What is expected:
Give the entries back exactly, dropping each image.

Collected data entries:
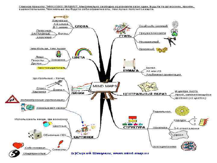 Законы построения интеллект-карт Законы содержания, оформления и структуры Везде, где возможно, добавляем рисунки, символы, и другую графику, ассоциирующиеся с ключевыми словами.
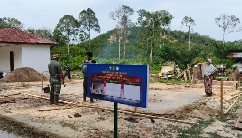 Aceh Timur – Program TNI Manunggal Membangun Desa (TMMD) Reguler ke-128 mulai menunjukkan progres nyata. Personel Satgas TMMD melaksanakan pemasangan bouwplang sebagai tahap awal pembangunan Rumah Tidak Layak Huni (RTLH) milik Ibu Rugaiyah, di Desa Alue Canang, Kecamatan Birem Bayeun, Kabupaten Aceh Timur, Selasa (21/04/2026).
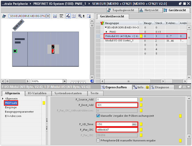 - Tragen Sie im Inspektorfenster (unterer Editorbereich) in der Gruppe "PROFIsafe" aus dem Abnahmeprotokoll ermittelten Werte der Sicherheitsparameter ein (siehe F_iPar_CRC):
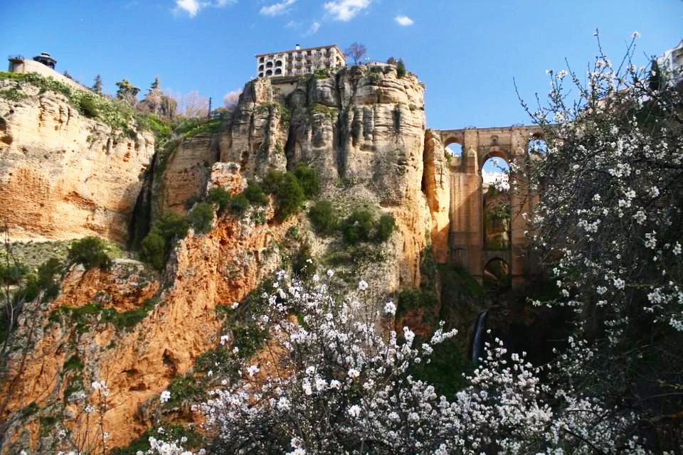 절벽에서 왼쪽 위가 우리가 묵었던 파라도르이고 오른쪽이 론다로 들어가는 누에보 다리이다. 18세기에 지어진 저 다리 덕분에 절벽으로 나눠진 두 마을이 소통을 하게 되었다고 한다. 다리 이름인 Nuevo 답게(비록 두 마을을 연결한 3개의 다리 중 마지막에 지어져서 Nuevo라는 이름을 얻었지만) 두 마을의 새로운 시작을 열어주었다. 다리 밑으로 들어가면 폭포와 계곡이 나오니 가볼 만하다.
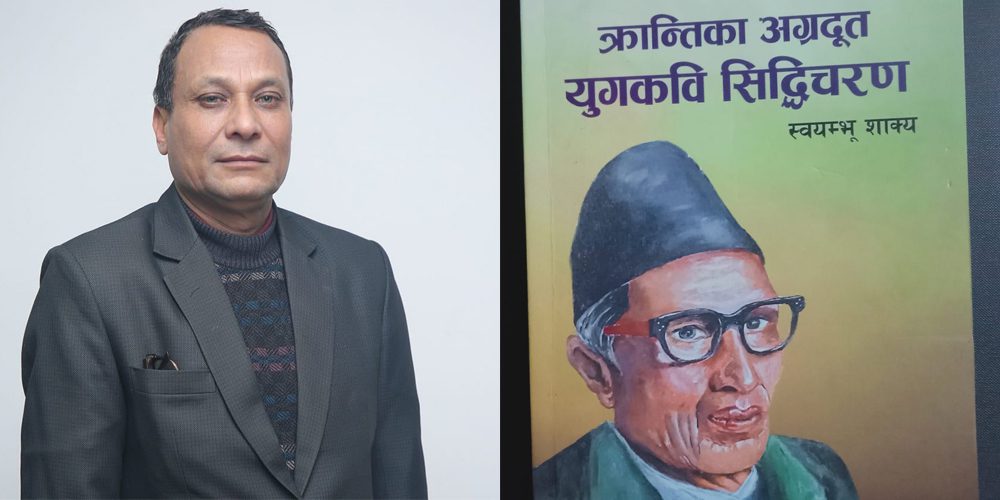 काठमाडौैं । युगकवि सिद्धिचरणका कालजयी रचनाहरूको समीक्षा गरिएको पुस्तक ‘क्रान्तिका अग्रदूत युगकवि सिद्धिचरण’ बजारमा आएको छ । साहित्यकार, समीक्षक तथा समालोचक स्वयम्भू शाक्यद्वारा लिखित पुस्तक सुन्दर स्वदेश पब्लिकेशनले हालै बजारमा ल्याएको हो ।
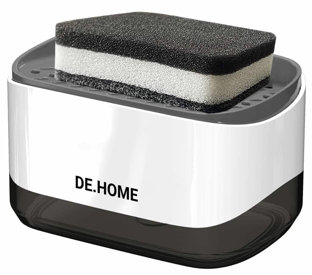 Купить DE.HOME Диспенсер для моющего средства с губкой, дозатор для жидкого мыла, 350 мл, белый

Answer:
 Законы построения интеллект-карт Законы содержания, оформления и структуры Везде, где возможно, добавляем рисунки, символы, и другую графику, ассоциирующиеся с ключевыми словами.
 Aceh Timur – Program TNI Manunggal Membangun Desa (TMMD) Reguler ke-128 mulai menunjukkan progres nyata. Personel Satgas TMMD melaksanakan pemasangan bouwplang sebagai tahap awal pembangunan Rumah Tidak Layak Huni (RTLH) milik Ibu Rugaiyah, di Desa Alue Canang, Kecamatan Birem Bayeun, Kabupaten Aceh Timur, Selasa (21/04/2026).
 - Tragen Sie im Inspektorfenster (unterer Editorbereich) in der Gruppe "PROFIsafe" aus dem Abnahmeprotokoll ermittelten Werte der Sicherheitsparameter ein (siehe F_iPar_CRC):
 절벽에서 왼쪽 위가 우리가 묵었던 파라도르이고 오른쪽이 론다로 들어가는 누에보 다리이다. 18세기에 지어진 저 다리 덕분에 절벽으로 나눠진 두 마을이 소통을 하게 되었다고 한다. 다리 이름인 Nuevo 답게(비록 두 마을을 연결한 3개의 다리 중 마지막에 지어져서 Nuevo라는 이름을 얻었지만) 두 마을의 새로운 시작을 열어주었다. 다리 밑으로 들어가면 폭포와 계곡이 나오니 가볼 만하다.
 काठमाडौैं । युगकवि सिद्धिचरणका कालजयी रचनाहरूको समीक्षा गरिएको पुस्तक ‘क्रान्तिका अग्रदूत युगकवि सिद्धिचरण’ बजारमा आएको छ । साहित्यकार, समीक्षक तथा समालोचक स्वयम्भू शाक्यद्वारा लिखित पुस्तक सुन्दर स्वदेश पब्लिकेशनले हालै बजारमा ल्याएको हो ।
 Купить DE.HOME Диспенсер для моющего средства с губкой, дозатор для жидкого мыла, 350 мл, белый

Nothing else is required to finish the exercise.